I'm writing because before we left I combined the two enormous bowls of candy into one disposable aluminum roasting pan and set it on a folding table on the front porch. On the door I taped an orange and black sign that read, "Happy Halloween! Take 2 pieces of candy & leave some for everyone else. Thanks!" So the social experiment was on. I decided to forego hiding a videocamera on the porch but in hindsight I really wish I had.
As many of you know, Kristin and I live in one of those massive planned communities where the homes are all really close together and every house (by law it would seem) has at least two youngsters running around. And if that wasn't enough to get your doorstep walked off every 31st of October, hundreds of families from surrounding towns drive their kids here to go trick-or-treating. Simply driving down our street tonight was a challenge as parked cars lined both sides of the road and an endless stream of traffic was pouring into our neighborhood. We were the proverbial salmon fighting the current. In the midst of this mayhem was a local ambulance parked catty-corner giving out candy and glow-sticks to all the kids. One block down from them was a local church group giving out free hot cocoa. I wasn't able to identify the feeling I had upon seeing such a scene but in retrospect I do believe it was my cockles being warmed.

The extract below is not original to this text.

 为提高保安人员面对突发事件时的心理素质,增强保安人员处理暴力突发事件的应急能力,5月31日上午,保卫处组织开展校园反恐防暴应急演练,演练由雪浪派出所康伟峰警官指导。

Kristin and I felt certain that there would be no candy left in the bowl when we returned home. We felt so sure of this that we put the candy in the cheap aluminum throwaway tin because I actually expected someone to simply walk off with the nice plastic bowls I normally use. Kristin actually suspected that our folding snack table may well disappear too.

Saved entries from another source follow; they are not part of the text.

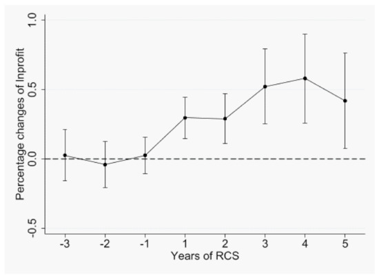 On average, the RCS significantly reduced the firm-level COD emissions by 3.7% at the level of 1%. This is consistent with other studies that found that the RCS reduced the COD emissions at the prefectural level by 6% along the Yangtzi river [2]. Hence, the RCS can improve the water quality in pilot prefectures, which may explain why the central government required it to be implemented nationwide by 2018. On the other hand, while the reduction in emissions may indicate a reduction in firms’ output, the average profit of polluting firms significantly increased by 3.14% at the level of 1%. We will investigate possible channels through which the RCS affects polluting firms’ profits in Section 5. The signs of the coefficients of the controls are consistent with economic intuition.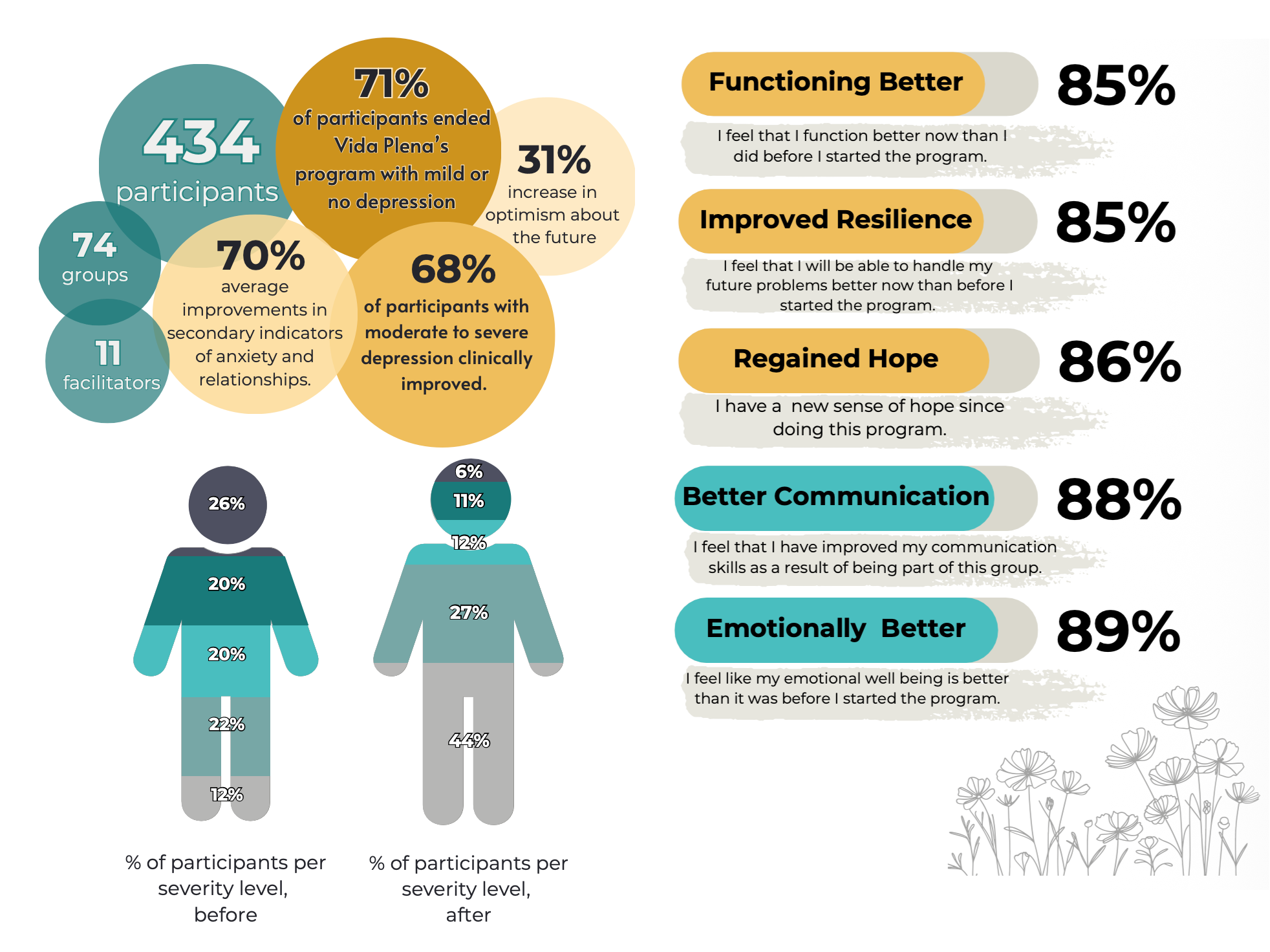 As the first organization to implement WHO-recommended group interpersonal therapy for depression in Latin America, we are excited that our pilot showed positive outcomes in all key indicators.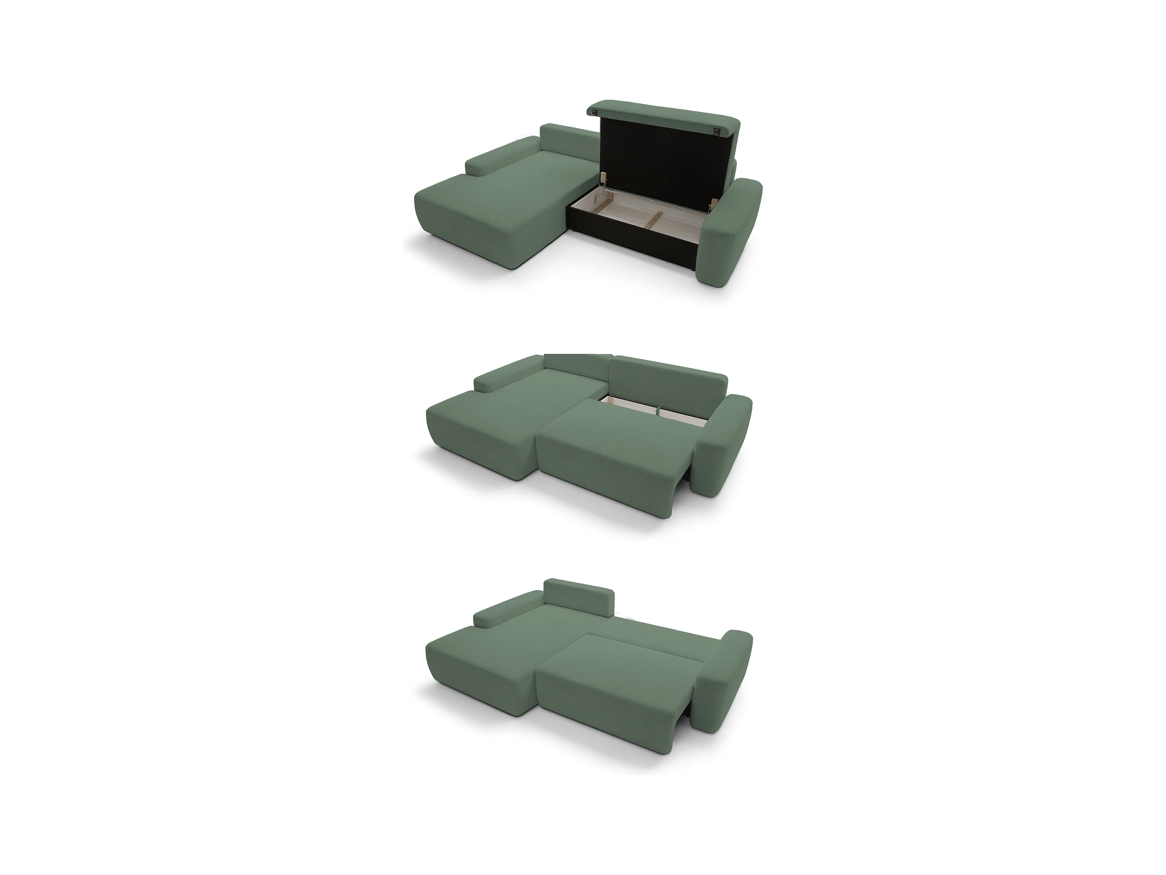 Canapé d’angle BOULI 4 places Raven, couchage 130x210cm, coffre, 264x162x82cm, gauche vert

Well, wouldn't you know that when we returned home after 10pm that there was still a small amount of candy left in the bowl? The sign still hung where I taped it and everything on the porch was nice and neat. I can tell you I set out exactly 10.7 pounds of candy consisting of Reeses Peanut Butter Cups, Milky Ways, Kit-Kats, Skittles, Nerds, Butterfingers, and on and on. Over 400 pieces of candy according to the bags! This is what's left:
- 39 Tootsie Rolls
- 9 Sweet Tarts
- 6 Nestle Crunch
- 1 Tootsie Pop (cherry)
- 1 Laffy Taffy (strawberry)
- 1 Baby Ruth
- 1 Jolly Rancher (cherry)
I always believed based on my own experience that Tootsie Rolls -- second only to Sugar Daddies -- were the most loathsome candy you can give out at Halloween, but this proves it. It's clear the kids picked over the selection pretty thoroughly and, I'm guessing, the large majority stuck by the take-2-pieces rule I posted on the sign. If not, there would certainly not be any Baby Ruths or Sweet Tarts left. Naturally, my science background is warning me against trying to draw any sweeping conclusions from this "experiment" but I can't help but think that this not only proves that kids really don't like Tootsie Rolls, but also that if you trust today's kids with an offering of good will, most will return that trust by doing what you ask. And this sort of shames me, not only because I expected them to steal the candy but because I know damn well that if my friends and I had come across a house with a giant bowl of candy when we were kids, that we would have walked off with the whole bowl. And then we would have fought over who would get to keep it. Sharing? Nonsense! But maybe I say that because nobody ever did trust us with such a scenario. Maybe we would have felt obligated to do what the sign asked?
Or maybe nobody over the age of eight came trick-or-treating while we were gone...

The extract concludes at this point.